The real estate sector of the TSX is recovering alongside the rest of the market. It’s up 17% since October and may keep on going up. Many real estate investment trusts (REITs) are already on the road to recovery and have the potential to bounce back to the pre-pandemic levels and even grow past that level.

They are still discounted at the moment, and it would be the perfect time to buy them and lock in a good yield and simultaneously leverage the capital-appreciation potential they offer via recovery (short term) and beyond (long term).

Image source: Getty Images

A retail and mixed-use properties REIT

With a price-to-earnings ratio of 5.1, SmartCentres REIT (TSX:SRU.UN) is among the most undervalued stocks in the real estate sector and, to an extent, the TSX as a whole. During the depth of its last slump, it was down 22%, but with a sector-wide uptick, the stock only boasts a discount of over 14% right now.

The yield is still quite attractive at 6.49%, and even though the REIT hasn’t grown its payouts since 2020, there is a chance it may resume this practice in a more bullish and healthy market. The payout ratio is rock solid, so you don’t have to worry about the sustainability of the dividends.

The REIT is shifting its focus from retail spaces to creating mixed-use city centres (under the banner of SmartLiving) and has 185 properties in its portfolio worth over $11.7 billion.

An industrial properties REIT

Industrial properties come in various shapes and sizes. Many people consider manufacturing facility properties as industrial, but that’s just one segment of it. Granite REIT (TSX:GRT.UN) and other industrial REITs like it have a diverse portfolio of industrial properties, including logistics and warehouse properties.
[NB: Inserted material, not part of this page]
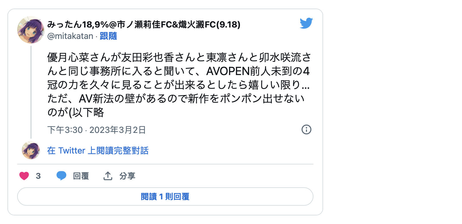 因为Diaz Group这间经纪公司的实力并不强,这一篇twitter的发文就讲了,優月心菜(优月心菜)去的是友田彩也香、卯水咲流和东凛在的经纪公司,这三位女优知名度高不高?高;但她们发展好不好?坦白说除了友田彩也香还待在FALENO集团的熟女片商DAHLIA外其他人的存在感很低;我没有忘了水川润(由爱可奈),同样地,她也是在片商DAHLIA打拼,所以⋯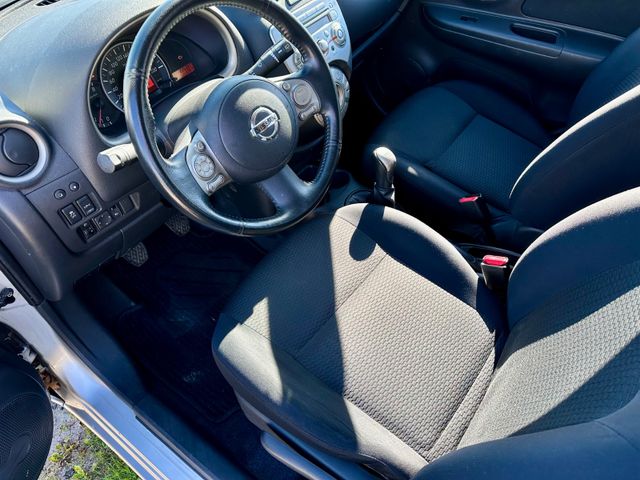 • Weitere Ausstattung: Airbag Beifahrerseite abschaltbar, Airbag Fahrer-/Beifahrerseite und Seitenairbag vorn, Außenspiegel elektr. verstellbar, Außenspiegel Wagenfarbe, Bremsassistent (Nissan Brake-Assist), Comfort-Paket, Fernentriegelung Tankklappe, Frontscheibe Verbundglas, Gepäckraumabdeckung / Rollo, Heckscheibe heizbar, Innenspiegel abblendbar, Isofix-Aufnahmen für Kindersitz, Karosserie: 5-türig, Klimaautomatik, Kopf-Airbag-System, Kopfstützen hinten verstellbar (links/rechts und mitte), Lenksäule (Lenkrad) höhenverstellbar, Leseleuchte vorn, Motor 1,2 Ltr. - 59 kW KAT, Reserverad als Notrad, Rücksitz geteilt/klappbar, Schadstoffarm nach Abgasnorm Euro 5, Schalt-/Wählhebelgriff Leder, Sitz vorn links höhenverstellbar, Sitzbezug / Polsterung: Stoff, Sonnenblenden mit Spiegel, Steckdose (12V-Anschluß) in Mittelkonsole, Stoßfänger Wagenfarbe, Türverkleidung mit Stoffeinsatz, Verglasung getönt

These properties have seen a rapid rise in popularity, thanks to the advent of e-commerce, which has radically changed the conventional supply chains and has made them more distributed.

Small regional retailers can now reach national or even international customers via e-commerce platforms, and their digital presence and conveniently located warehouses allow them to place their products closer to their target market.

This positive trend is reflected in Granite stock’s growth since 2016. The stock experienced two setbacks along the way and is now recovering from the second one. But it’s still tastefully discounted (24%) and is offering a healthy 4.1% yield.

A niche REIT

Commercial real estate has many niche market segments, one of which is automotive properties. This is the property class that Toronto-based Automotive Properties REIT (TSX:APR.UN) focuses on. The REIT has already developed a portfolio of 76 properties and strategic partnerships with 32 global automotive brands. The weighted average lease term of 10.8 years indicates its long-term financial stability.

With a market cap of just $503 million, Automotive Properties is a small-cap stocks in Canada. But that shouldn’t cause you to dismiss its dividends and growth potential (at least when it’s fueled by recovery). The REIT is offering a juicy 6.3% yield, and the payout ratio is under 40%. The stock has sustained its monthly payouts of $0.067 per share since 2016.

Foolish takeaway

The three REITs are still discounted, though the discounts are shrinking fast, and consequently, the yields are going down. It would be a good idea to consider taking advantage of the discounts and undervaluation available right now instead of waiting for another sector-wide slump, which may take months or even years to come.

Fool contributor Adam Othman has no position in any of the stocks mentioned. The Motley Fool has positions in and recommends Automotive Properties Real Estate Investment Trust. The Motley Fool recommends Granite Real Estate Investment Trust and SmartCentres Real Estate Investment Trust. The Motley Fool has a disclosure policy.

More on Dividend Stocks

ETF stands for Exchange Traded Fund
Dividend Stocks

3 Canadian ETFs I’d Snap Up Right Now for My TFSA

These three high-quality Canadian ETFs are perfect for TFSAs, offering instant diversification to top stocks from around the world.

Read more »

how to save money
Dividend Stocks

The Best Stocks to Buy With $10,000 Right Now

Add these two TSX stocks to your self-directed investment portfolio if you’re seeking long-term buying opportunities in the current climate.

Read more »

coins jump into piggy bank
Dividend Stocks

How to Convert $25,000 in TFSA Savings Into Reliable Cash Flow

With $25,000 invested into Fortis (TSX:FTS) stock, you can get some cash flow in your TFSA.

Read more »

dividends can compound over time
Dividend Stocks

2 Dividend Stocks to Lock In Now for Decades of Passive Income

These two Canadian dividend stocks are both defensive and generate tons of cash flow, making them ideal for passive-income seekers.

Read more »

man looks surprised at investment growth
Dividend Stocks

If I Could Only Buy and Hold a Single Stock, This Would Be it

Brookfield (TSX:BN) is a very high-quality stock.

Read more »

ETF is short for exchange traded fund, a popular investment choice for Canadians
Dividend Stocks

The ETFs That Canadians Are Sleeping On (But Shouldn’t Be) Right Now

These three high-quality Canadian ETFs are perfect for investors in 2026, especially with increasing uncertainty and volatility in markets.

Read more »

boy in bowtie and glasses gives positive thumbs up
Dividend Stocks

My Top Pick for Immediate Income? This 7.6% Dividend Stock

Slate Grocery REIT is an impressive high-yield option for investors seeking reliable income from defensive retail.

Read more »

TFSA (Tax-Free Savings Account) on wooden blocks and Canadian one hundred dollar bills.
Dividend Stocks

CRA: How to Use Your TFSA Contribution Limit in 2026

After understanding the CRA thresholds, the next step is to learn the core strategies in using your TFSA contribution limit…

Read more »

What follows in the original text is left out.